DATA SEGMENT:
• • • • • • •

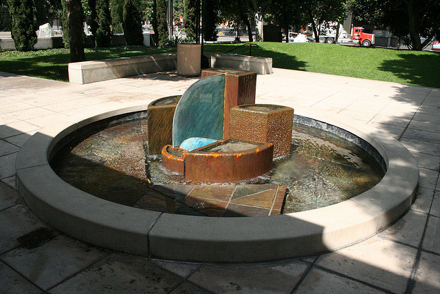 Directly across the garden sits another fountain created by Mineo Mizuno and Laddie John Dill. Composed of cement, glass and ceramic tiles, its multi-dimensional shape and earthy quality contrast with the more cerebral works by Fine and Halprin.
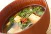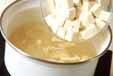 鍋にだし汁を入れて強火にかけ、煮立てば油揚げを加え、再び煮立てば豆腐を加える。
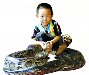 大多數(shù)小朋友看到冷冰冰、滑溜溜的蛇都會嚇得趕緊躲開,可8歲的秉哲卻與一條重69公斤的巨蟒成了莫逆之交。秉哲與父親帶著蟒蛇來到了東莞常平隱賢山莊,要在國慶期間表演“人蛇情深”。秉哲的父親告訴記者,秉哲9個(gè)月大時(shí),就跟蟒蛇在一起玩。他夏天貪戀蟒蛇冷冷的體溫,把蟒蛇當(dāng)枕頭睡覺,冬天擔(dān)心蟒蛇受凍,則為“好朋友”鋪毛毯。

• • • • • • •

TASK BRIEF: Omit the pictures and write out the lines above from the one with "鍋にだし汁を入れて強火にかけ、煮立てば油揚げを加え、再び煮立てば豆腐を加える。" through the last, unchanged.

EXERCISE SOLUTION:
 鍋にだし汁を入れて強火にかけ、煮立てば油揚げを加え、再び煮立てば豆腐を加える。
 大多數(shù)小朋友看到冷冰冰、滑溜溜的蛇都會嚇得趕緊躲開,可8歲的秉哲卻與一條重69公斤的巨蟒成了莫逆之交。秉哲與父親帶著蟒蛇來到了東莞常平隱賢山莊,要在國慶期間表演“人蛇情深”。秉哲的父親告訴記者,秉哲9個(gè)月大時(shí),就跟蟒蛇在一起玩。他夏天貪戀蟒蛇冷冷的體溫,把蟒蛇當(dāng)枕頭睡覺,冬天擔(dān)心蟒蛇受凍,則為“好朋友”鋪毛毯。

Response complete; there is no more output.